State doesn't meet minimum standards, but making efforts to do so

The diagram taken from the Trafficking in Persons Report shows Kuwait’s tier ranking by the year, with ‘Tier 1’ being the best and ‘Tier 3’ being the worst.

KUWAIT: The United States Department of State recently released its annual Trafficking in Persons Report, which also lists Kuwait in Tier 2 for "countries whose governments do not fully comply with the TVPA's minimum standards, but are making significant efforts to bring themselves into compliance with those standards." The following is a transcript for Kuwait's section in the 2017 Trafficking in Persons Report:

The Government of Kuwait does not fully meet the minimum standards for the elimination of trafficking; however, it is making significant efforts to do so.
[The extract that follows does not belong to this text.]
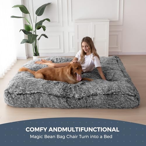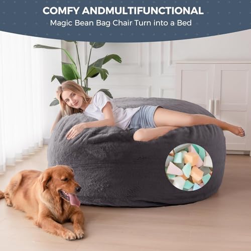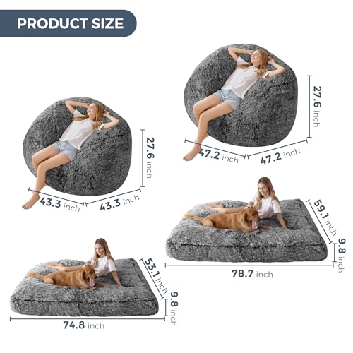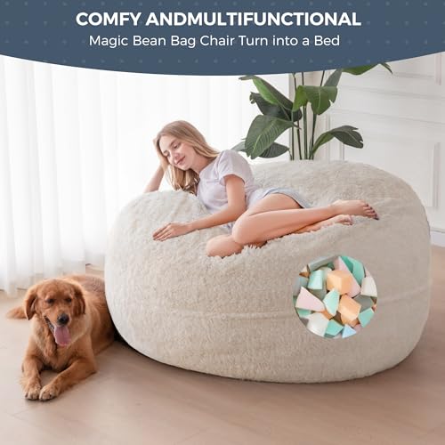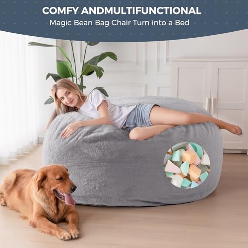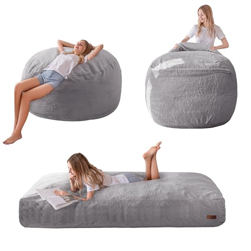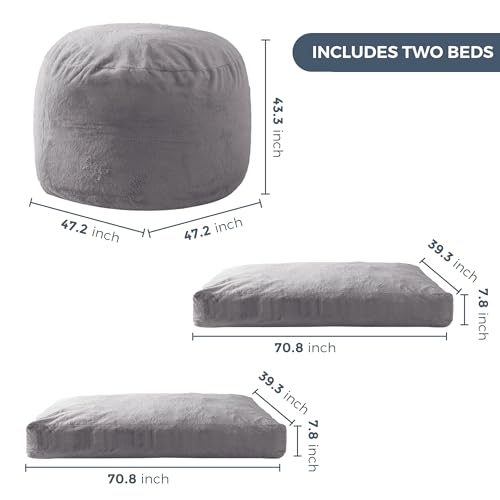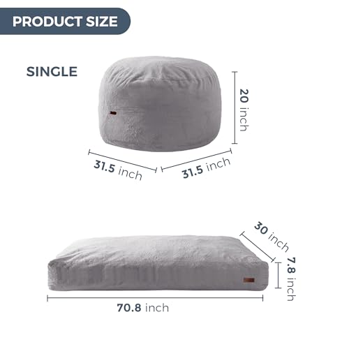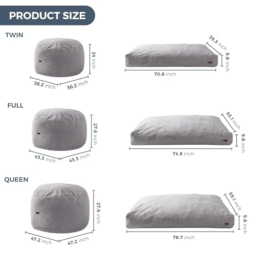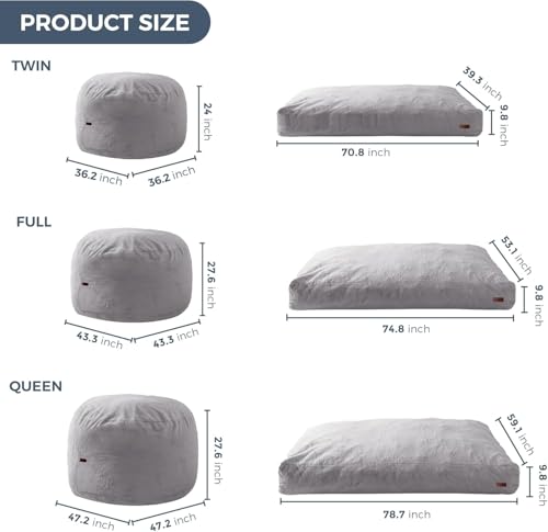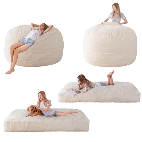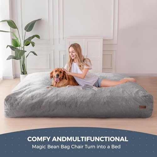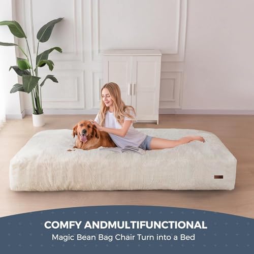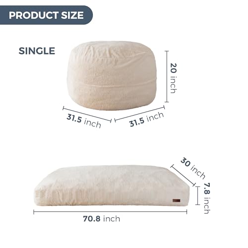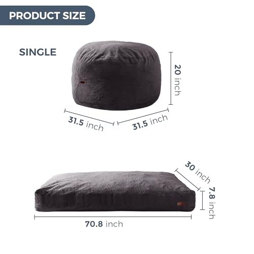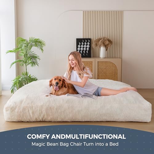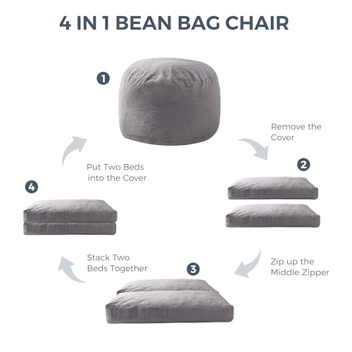 MAXYOYO Giant Bean Bag Chair Bed for Adults, Convertible Beanbag Folds from Lazy Chair to Floor Mattress Bed, Large Floor Sofa Couch, Big Sofa Bed, High-Density Foam Filling, Machine Washable

The government demonstrated significant efforts during the reporting period by passing by-laws to implement the 2015 domestic labor law, and co-sponsoring the future establishment of a centralized recruitment company, that, once operational, will reduce recruitment costs and serve to combat illegal recruiting fees. Officials also referred 39 cases of illegal recruitment for criminal investigation under the 2015 domestic labor law, and prosecuted 15 individuals under the 2013 anti-trafficking law, which resulted in nine convictions. The government also amended the 2010 labor law that increases penalties for employers who engage in unscrupulous recruiting practices. To curb the prevalence of North Korean workers subjected to trafficking, the government halted Air Koryo flights and ceased issuing new work visas to North Koreans. However, the government did not demonstrate increasing efforts compared to the previous reporting period. Many officials continued to use arbitration and administrative penalties as the main avenues of resolving grievances filed by domestic workers, instead of investigating such cases as human trafficking crimes, and protracted litigation and subsequent appeals processes led most workers to decline to file court cases. Corruption at all levels dissuaded workers from reporting trafficking cases to law enforcement. The government did not regularly use formal established procedures for identifying victims, and foreign workers who quit their jobs without permission were often subjected to criminal penalties, detention, and deportation. Therefore, Kuwait remained on Tier 2 Watch List for the second consecutive year.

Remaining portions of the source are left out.